### EXERCISE REQUIREMENTS
Output the listing word for word, minus pictures.

### SOURCE DATA
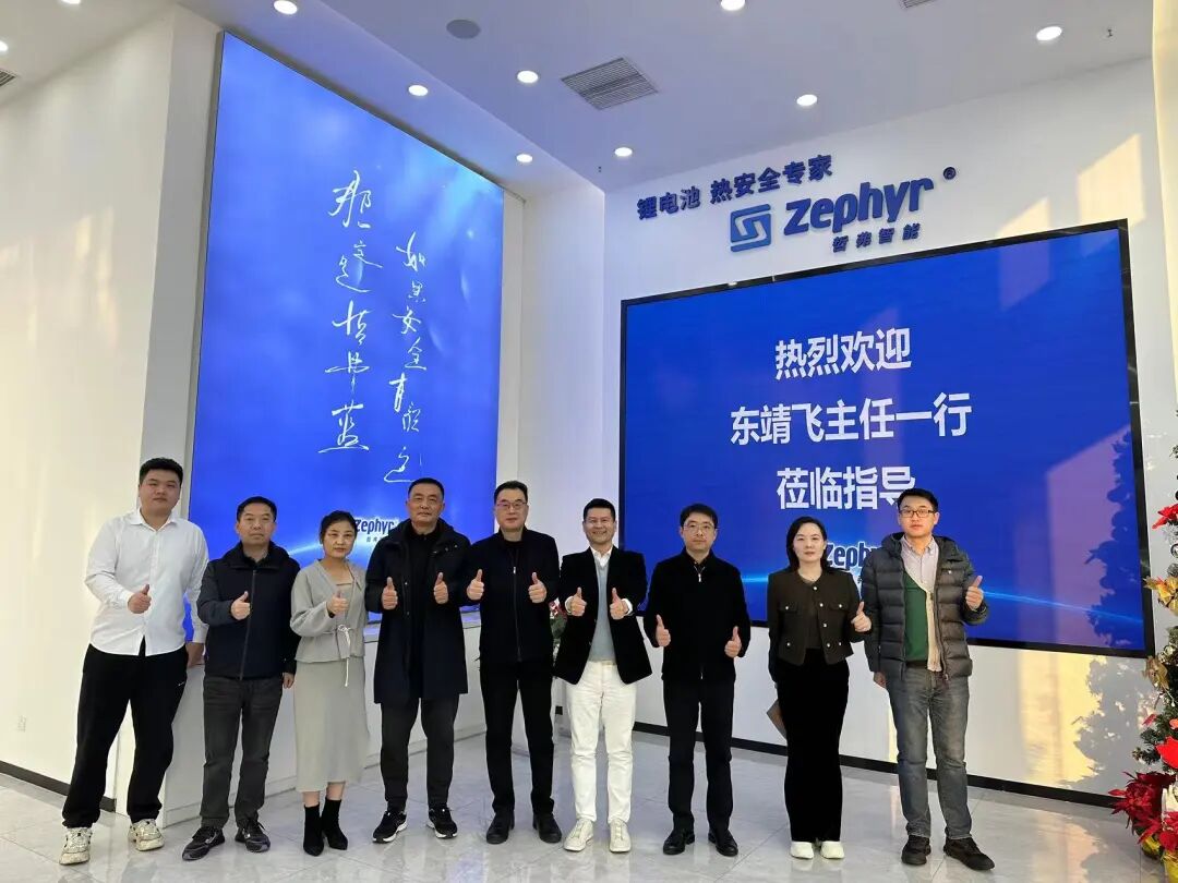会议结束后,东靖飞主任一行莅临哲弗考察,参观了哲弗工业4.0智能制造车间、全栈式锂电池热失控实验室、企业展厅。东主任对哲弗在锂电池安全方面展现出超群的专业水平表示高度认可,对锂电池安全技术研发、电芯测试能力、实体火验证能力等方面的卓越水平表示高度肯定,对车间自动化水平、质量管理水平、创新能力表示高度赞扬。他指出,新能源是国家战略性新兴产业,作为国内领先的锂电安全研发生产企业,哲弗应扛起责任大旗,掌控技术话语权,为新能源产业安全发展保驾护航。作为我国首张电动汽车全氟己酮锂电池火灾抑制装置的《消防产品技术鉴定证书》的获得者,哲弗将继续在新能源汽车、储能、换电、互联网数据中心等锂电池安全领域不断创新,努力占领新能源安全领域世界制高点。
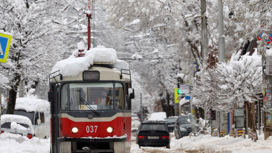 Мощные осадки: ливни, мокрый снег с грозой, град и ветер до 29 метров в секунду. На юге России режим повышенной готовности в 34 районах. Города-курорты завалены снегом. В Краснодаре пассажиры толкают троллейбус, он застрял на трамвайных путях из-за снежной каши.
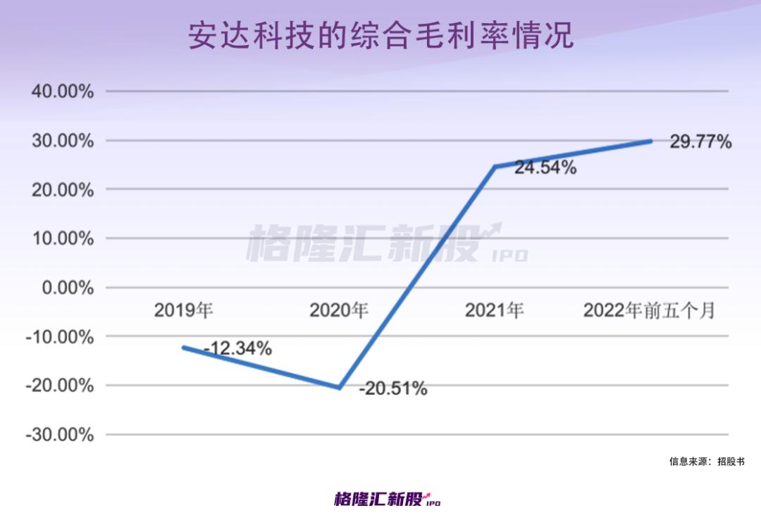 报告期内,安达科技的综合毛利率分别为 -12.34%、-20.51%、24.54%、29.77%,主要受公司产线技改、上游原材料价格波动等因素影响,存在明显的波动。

### RESULT FOR THIS TASK
会议结束后,东靖飞主任一行莅临哲弗考察,参观了哲弗工业4.0智能制造车间、全栈式锂电池热失控实验室、企业展厅。东主任对哲弗在锂电池安全方面展现出超群的专业水平表示高度认可,对锂电池安全技术研发、电芯测试能力、实体火验证能力等方面的卓越水平表示高度肯定,对车间自动化水平、质量管理水平、创新能力表示高度赞扬。他指出,新能源是国家战略性新兴产业,作为国内领先的锂电安全研发生产企业,哲弗应扛起责任大旗,掌控技术话语权,为新能源产业安全发展保驾护航。作为我国首张电动汽车全氟己酮锂电池火灾抑制装置的《消防产品技术鉴定证书》的获得者,哲弗将继续在新能源汽车、储能、换电、互联网数据中心等锂电池安全领域不断创新,努力占领新能源安全领域世界制高点。
 Мощные осадки: ливни, мокрый снег с грозой, град и ветер до 29 метров в секунду. На юге России режим повышенной готовности в 34 районах. Города-курорты завалены снегом. В Краснодаре пассажиры толкают троллейбус, он застрял на трамвайных путях из-за снежной каши.
 报告期内,安达科技的综合毛利率分别为 -12.34%、-20.51%、24.54%、29.77%,主要受公司产线技改、上游原材料价格波动等因素影响,存在明显的波动。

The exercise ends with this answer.